Die Diskussion ist weder in Salzburg aufgeflackert, noch neu: Von der Belastheit des Begriffs berichtete im Frühjahr die Kulturplattform Oberösterreich (KUPF). Eva Blimlinger, Parlamentarierin der Grünen im Parlament, ist der Begriff schon seit Jahren ein Dorn im Auge.

Also war ein Wettbewerb zur politisch korrekten Wort-Bereinigung gefragt, Eva Blimlinger hat ihn im Frühjahr ausgelobt, unterstützt von KUPF, Standard und Deutschlandfunk Kultur. „Dabei ging es nicht darum, jemandem den Mund zu verbieten. Vielmehr sollte die Auseinandersetzung mit dem Sprechen über Kunst und Kultur im Zentrum stehen. Neben der Findung und Etablierung von Alternativen ging es darum, eine Diskussion loszutreten und für die Macht von Sprache zu sensibilisieren.“ So der Dachverband Salzburger Kulturstätten in einer Presseaussendung. Als ziemlich läppisches Preisgeld standen für zwei Anerkennungspreise je 250 Euro und für den Hauptpreis 1.000 Euro zur Verfügung.

116 Menschen sind 102 alternative Wörter eingefallen. Eva Blimlinger selbst regte an: „Kulturistinnen, wie Touristinnen.“ Das war sogar der Jury zu absurd. Nach intensiver Diskussion entschied die Jury sich für drei Begriffe, die einladen sollen, sich darin selbst zu verorten. Dabei wurden offene und konventionelle Begriffe experimentelleren Wortschöpfungen vorgezogen, um die vielfältige Kulturlandschaft abzudecken und ihren Akteur*innen größtmögliches Identifikationspotential zu bieten. Den bereits etablierten Begriff der Kulturarbeiter*innen hält die Jury weiterhin für wirkkräftig und notwendig – aufgrund seiner Nennung im Ausschreibungstext, entschloss sie sich allerdings, ihn nicht zu prämiieren.“

Wohin also sollen die Kulturschaffenden mutieren? Der Hauptpreis wird gedrittelt, denn das fulminante Wort Kulturtätige ist gleich drei Leuten eingefallen – Kathrin Delhougne (Kunsttherapeutin & Bildende Künstlerin, Wien), Ronja Fábián (Bildende Künstlerin & Fotografin, Wien) und Egid Jöchl (Komponist, Innsbruck). Zwei Anerkennungspreise für Salzburger: Sarah Kraushaar möchte lieber von Kultur-Engagierten sprechen und Karl Zechenter von Kulturaktiven.
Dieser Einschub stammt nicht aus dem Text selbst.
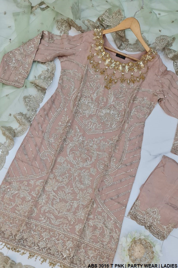 - This elegant ensemble features a shirt crafted from chiffon, offering a lightweight and graceful drape. With a length of 42 to 44 inches, the shirt provides a refined and flattering silhouette. It is paired with trousers made from grip fabric, ensuring both comfort and a structured fit. Completing the outfit is a delicate organza dupatta, adding a touch of sophistication and charm. Weighing approximately 0.750 kg, this ensemble is designed to offer effortless style and comfort, making it an ideal choice for any occasion.
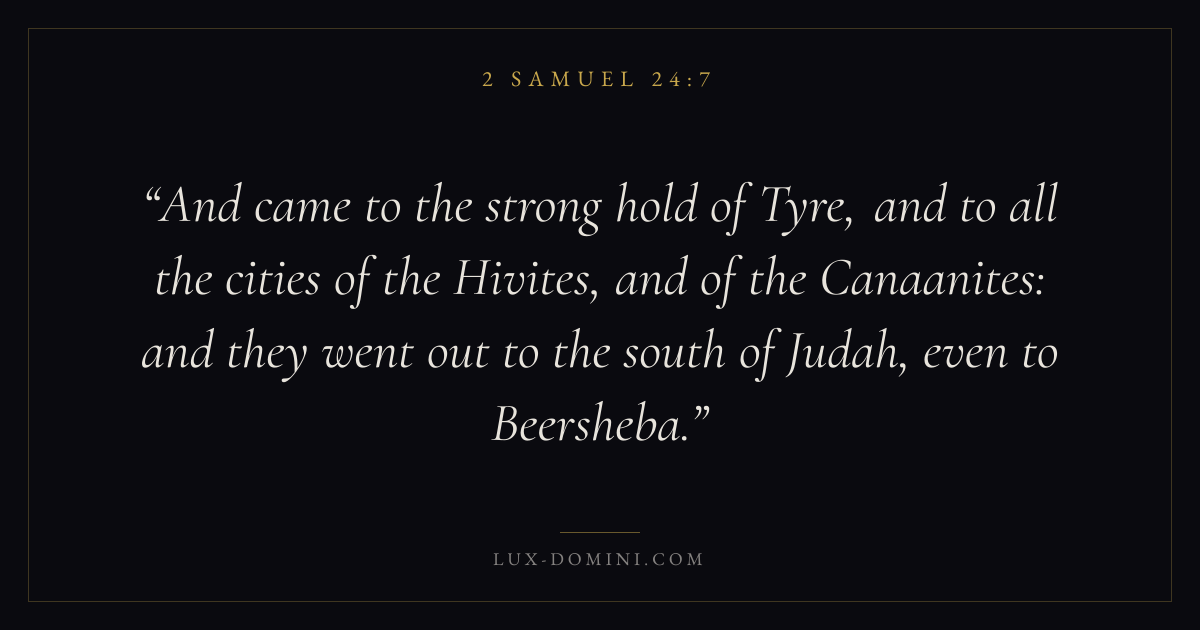 And came to the strong hold of Tyre, and to all the cities of the Hivites, and of the Canaanites: and they went out to the south of Judah, even to Beersheba.
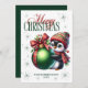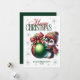 Envoyez vos vœux chaleureux pour les fêtes avec cette adorable carte de Noël Joyeux Noël représentant un manchot mignon avec un chapeau et une écharpe d'hiver à carreaux rouges et tenant un ornement vert festif enveloppé d'un ruban à carreaux rouges. Les flocons de neige scintillent autour de la scène joyeuse, ce qui en fait un choix parfait pour les salutations familiales. La carte peut être personnalisée avec le nom de votre famille et l'année, créant un charmant souvenir pour les fêtes.
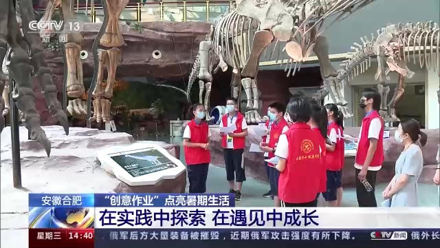 今年暑假,不少学校还鼓励孩子们深入博物馆、美术馆、工厂、社区等地,在实践中探索知识、在遇见中收获成长。合肥市五十中学天鹅湖教育集团天鹅湖校区的同学们就走进了安徽地质博物馆,在这里,同学们不仅要用绘画、模型、小剧场等形式展示他们眼中的恐龙世界,还要带着这张任务清单,做好相应资料的记录和整理。
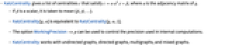 - KatzCentrality[g,α] is equivalent to KatzCentrality[g,α,1].
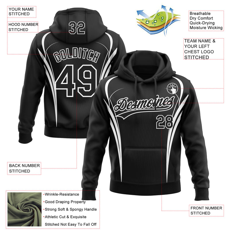 Custom Stitched Black White E-sports Pattern Pullover Sweatshirt Hoodie
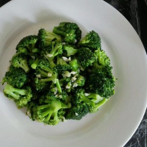 炒锅倒入几滴橄榄油,放入葱蒜翻炒两下倒入西兰花。时间依个人喜好,喜欢脆一点就少炒几下,软一点就多几下。出锅,装盘。。
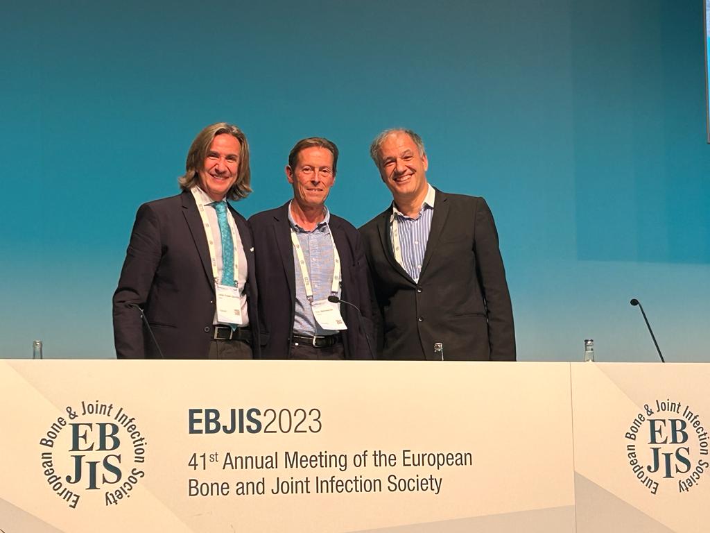 Dr. Aragón-Sánchez, Prof. Senneville y Prof. Uckay durante una mesa redonda sobre infecciones en pie diabético en EBJIS 2023
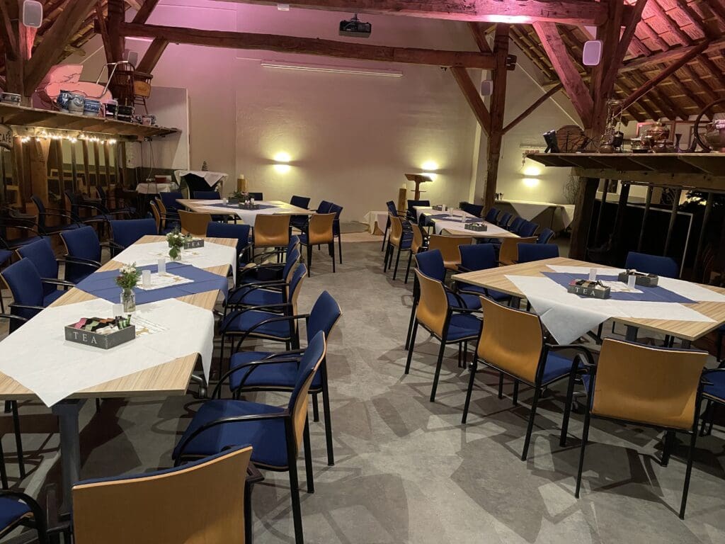 De inrichting van het Theehuis is nostalgisch met een knipoog naar de oude boerenkeuken uit de vijftiger jaren. Daarnaast bieden het terras en de hooiberg een heerlijk verblijf bij mooi weer. De hooiberg kunnen we bij minder mooi weer voorzien van zijwanden zodat het dan toch een comfortabele buitenruimte is.

Dazu die Juy: „Die drei Auszeichnungen eint ihre Eingängigkeit und Verständlichkeit und die damit verbundene Einschätzung der Jury, sie leicht in den Sprachgebrauch aufnehmen zu können. Während Kultur-Engagierte den Aspekt des 'hohen persönlichen und ideellen Einsatzes' (Kraushaar) hervorhebt, betont Kulturaktive 'noch stärker die Handlung' (Zechenter), ohne dabei das Feld auf aktivistische Zugänge zu beschränken. Der Favorit der Jury, Kulturtätige, überzeugt vor allem durch seine Praktikabilität und Neutralität. Er ist 'kürzer' als die Kulturschaffenden und 'leicht auszusprechen' (Fábián). Er enthält 'die Tat', 'das Tun', klammert gleichzeitig aber den 'Zwang' produktiv zu sein aus. Und: Die 'unterschiedlichsten Berufsfelder und Lebensrealitäten' (Delhougne) werden abgebildet – so umfasst er etwa auch 'Vermittler*innen, Veranstalter*innen' (Jöchl). Damit schließt er auch gut an Kulturarbeiter*innen an, ohne jene auszuschließen, die ihre Tätigkeit nicht als Arbeit (oder als mehr als Arbeit) verstehen.